Updated: Jun 12, 2022
Nakisisa loathed the smell of boiled cabbage. There was no place in Freeport where he could escape the odor. The residents cooked it in the market, in their homes, and in the taverns. Nakisisa even fancied that the women used the foul scent as a perfume, a thought that made his scowl deepen. Six days he had been waiting on his contact. Six days he would have rather spent in a brothel, had the brothel not also stunk of boiled cabbage. Instead, he bided his time in a waterlogged dockside tavern called the Drunken Dolphin that also reeked of the vegetable.
The door opened, letting in a gust of chill wind and rain. Nakisisa heard the hot winds of the savannah and the lush hanging gardens of Queen Nnenne’s palace call to him with the lustful whisper of a lover. He missed drinking tej with his brother until they could not see straight. He chased the thoughts away with a deep pull of the local bitter ale. Homesickness was routed by his belly churning in protest of his choice of libation. Nakisisa chided himself for his moment of weakness. Tears of longing would not slit High General Bannon’s throat.
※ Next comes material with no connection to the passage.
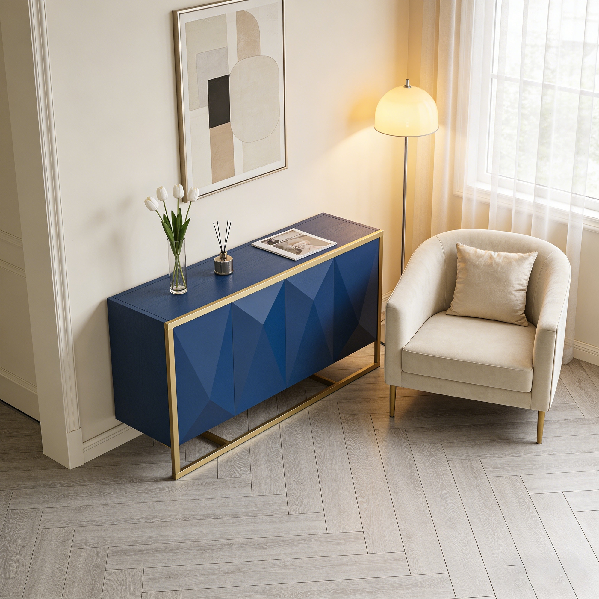 Modern 4-Door Accent Storage Sideboard, Luxurious Freestanding Cabinet with Anti-Tipping

The queen knew that the high general’s death would not prevent the war as the council suggested, but the selection of a new high general would delay the Houses of Gouvene long enough that the victory of Qefat would be assured. “A single life in exchange for thousands,” the empress had written, and Nakisisa knew that Her Highness was not speaking of Bannon’s life but his own. This mission, his most important murder, was meant to be his last.
Another draft rousted Nakisisa from his memories. This blast carried another scent to his nostrils: tobacco, a Qefati variety. The smell belonged to a tall man, his clothing a haphazard mish-mash of Gouvenian wool, Imperial silks, and brightly colored Qefati cotton. His pale fingers were adorned with large sapphires and rubies, some as large as a cow’s eye. He reminded Nakisisa of a bird looking for a mate.
“A round for everyone and a roast duck for myself!” The newcomer tossed a purse onto the bar. “Keep the ale flowing until the money is gone!” The crowd cheered and raised their tankards in salute, except Nakisisa.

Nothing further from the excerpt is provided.